Asynchronous Numerical Algorithms

One way of using POETS is to use it to accelerate existing algorithms, but another way is to use it as a test-bed for genuinely new algorithms which directly exploit the hardware. This research project would investigate how we can transform and adapt existing synchronous numerical algorithms to work in a truly asynchronous compute fabric.

Numerical methods are widely used in science and industry to provide approximation solutions to problems which have no closed-form solutions, or are too expensive to solve exactly. Examples include n-body simulations for modelling galaxies, finite-difference solvers for modelling hydrodynamics, and finite-element simulations for evaluating wind turbines. When one thinks of the largest super-computers in the world, such as Summit, Sierra or Sunway TaihuLight, they spend most of their time executing such problems on tens or hundreds of thousands of cores.

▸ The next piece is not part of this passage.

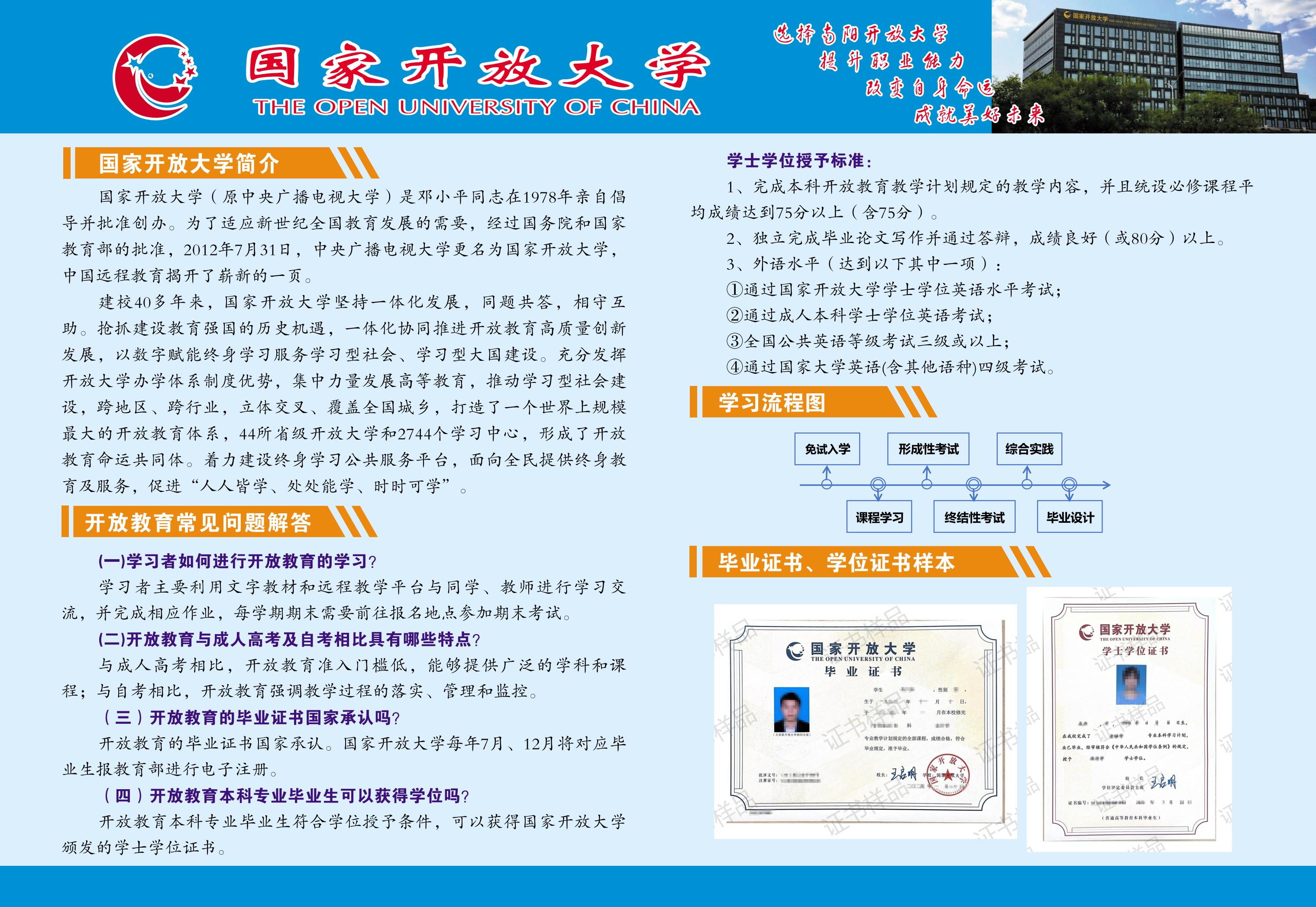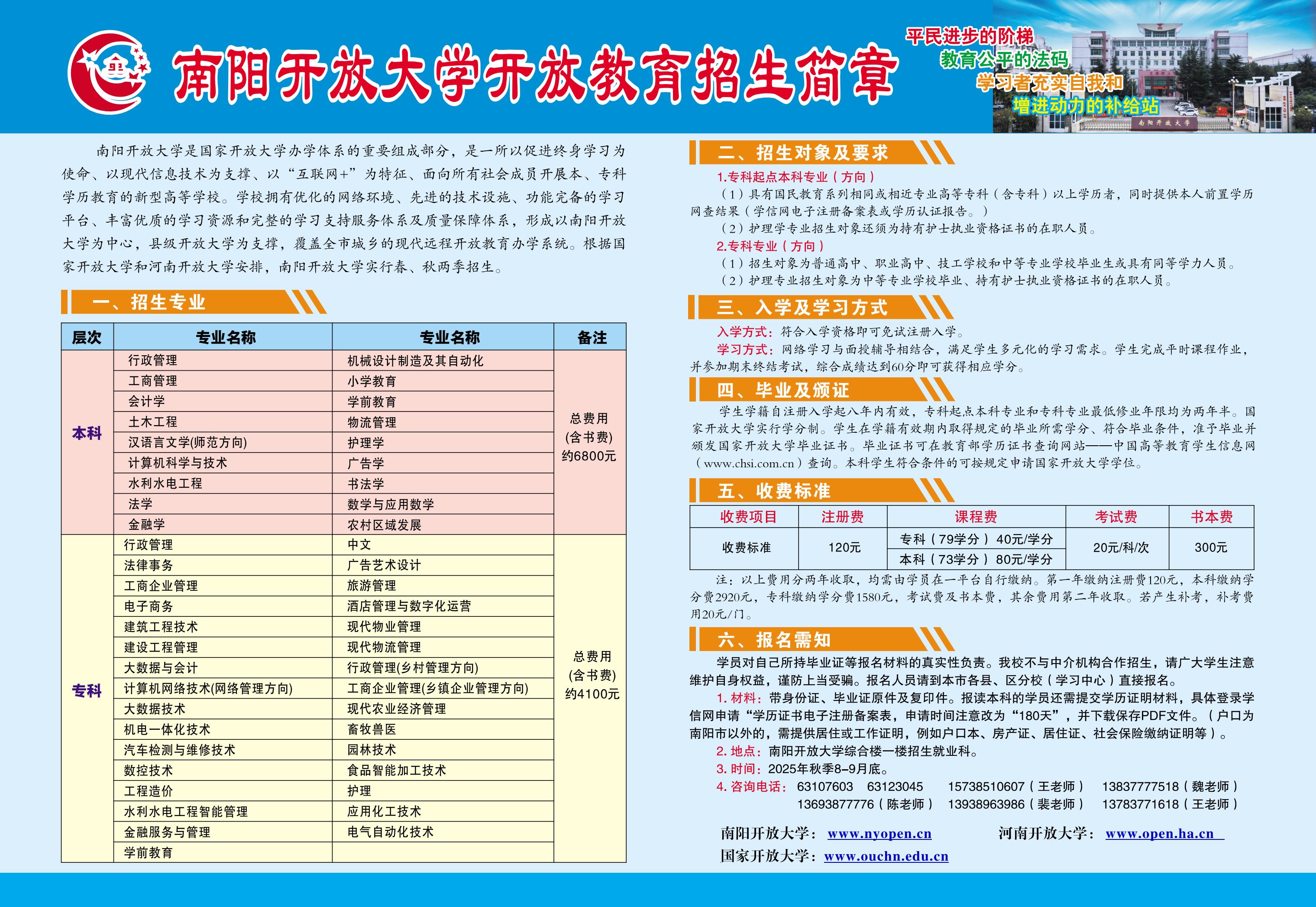 南阳开放大学是国家开放大学办学体系的重要组成部分,是一所以促进终身学习为使命、以现代信息技术为支撑、以“互联网+”为特征、面向所有社会成员开展本、专科学历教育的新型高等学校。学校拥有优化的网络环境、先进的技术设施、功能完备的学习平台、丰富优质的学习资源和完整的学习支持服务体系及质量保障体系,形成以南阳开放大学为中心,县级电大(学习中心)为支撑,覆盖全市城乡的现代远程开放教育办学系统。根据国家开放大学和河南开放大学安排,南阳开放大学实行春、秋两季招生。

Many of these numerical methods involve stepping a simulated physical system through time, and usually will rely on the entire simulation reaching time t before any part of the simulation can move onto time t+1. This lock-step progression through time can lead to inefficiency when executing these simulations on massively parallel systems, as synchronising across thousands of cores is expensive in time and energy.

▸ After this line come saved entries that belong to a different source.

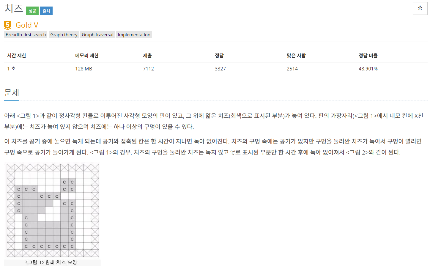0,0은 치즈가 없음이 보장되어있기에 이쪽에서 bfs를 시작해서 c를 만나면 덱에 뒤쪽에, c를만나지 않으면 덱의
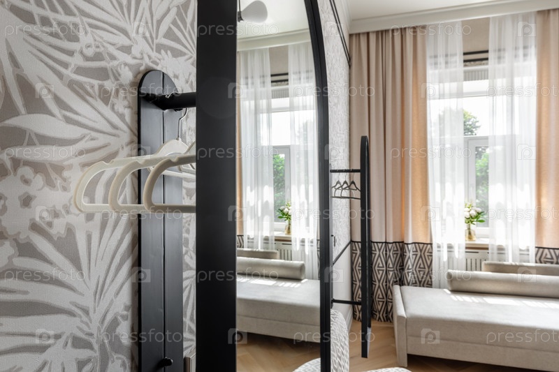 Зеркало отражает яркий, современный интерьер с бежевыми шторами, минималистическими вешалками и мягким естественным светом, заполняющим уютное пространство
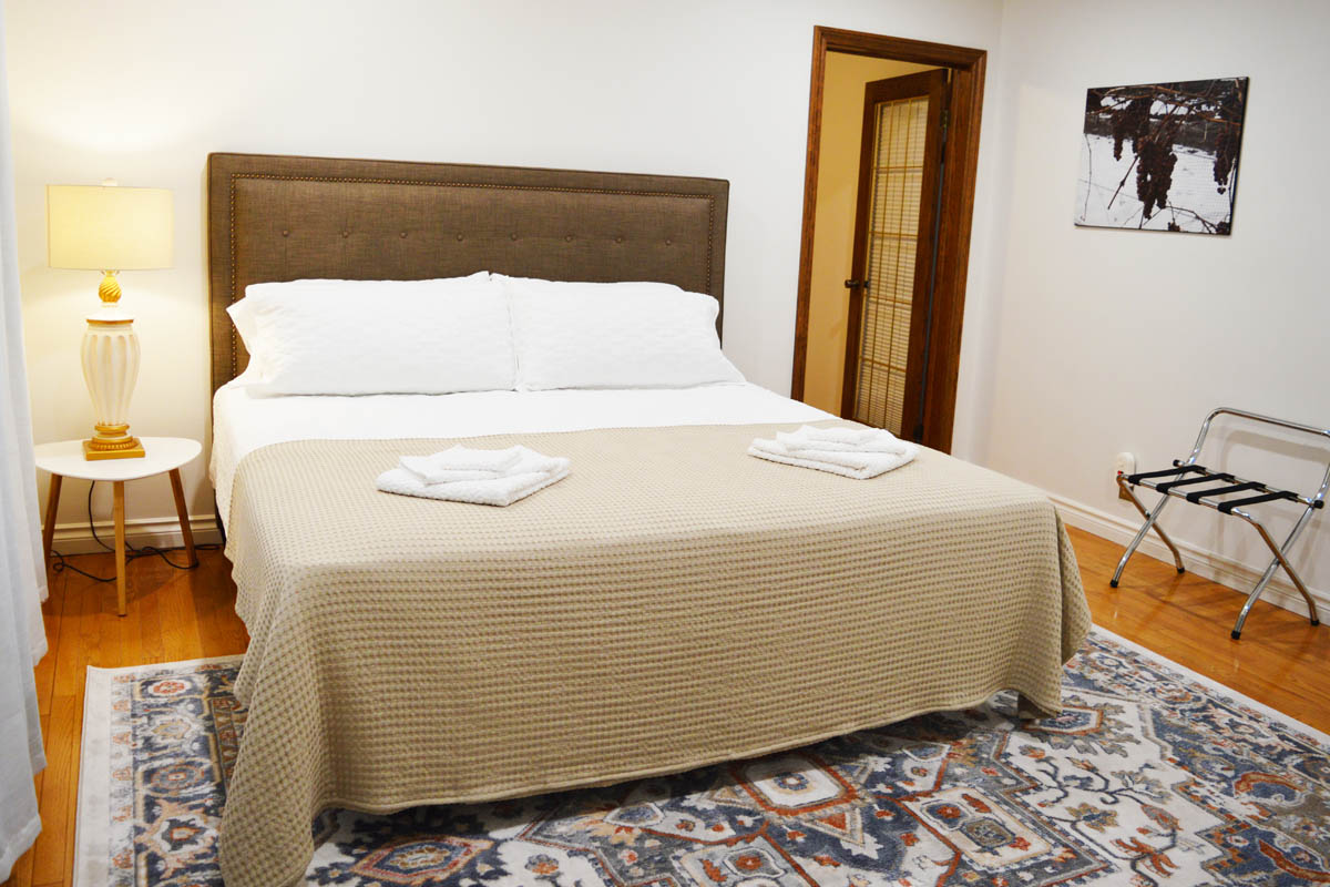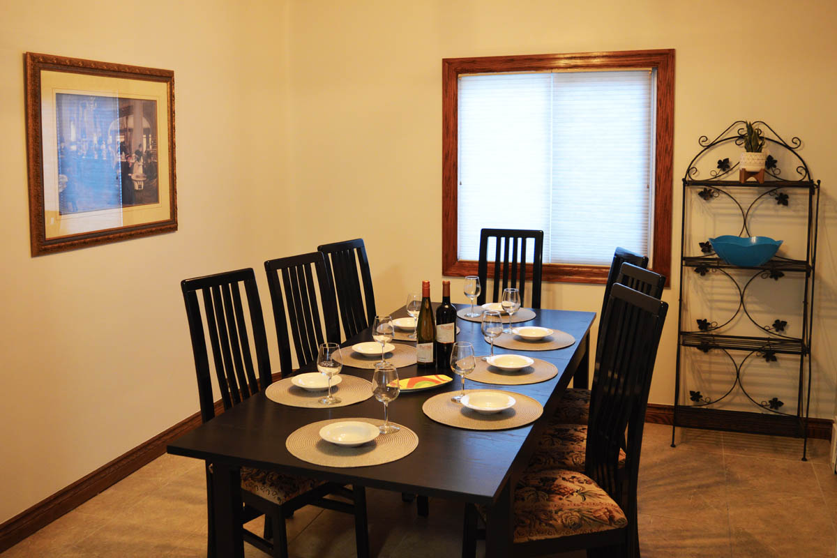 The Cottage at Pillitteri is a large 3 bedroom home with a living room, dining room and upstairs game / play room. The house has a 3 piece bathroom adjacent to each bedroom and a powder room adjacent to the main entrance. The house has a fully stocked kitchen with double oven, large fridge, six burner gas range, dishwasher, microwave, coffee maker, toaster and kettle. The dining room comfortably seats 8 people.

POETS offers the chance to come up with new algorithms that exploit the asynchronous nature of computers, and avoid the traditional reliance on synchronisation. The figure in the top-right shows a finite-element simulation of an airfoil, which was run on POETS using an algorithm with no synchronisation, but which still relies on discrete time steps from t to t+1. However, there is also huge scope for numerical methods which directly incorporate asynchrony at the lowest level, and can exploit the inherently un-ordered and un-predictable nature of modern large-scale distributed systems. POETS is a great test-bed for this type of research, allowing theoretical ideas to actually be tested in real-world systems. This research area would be ideal both for compute scientists and engineers interesting in algorithmic research, and also physicists or chemists who were interested in exploring the computational side of their field. This studentship also provides an opportunity to interact with other research teams working on various layers of the POETS stack as well as a number of industrial partners.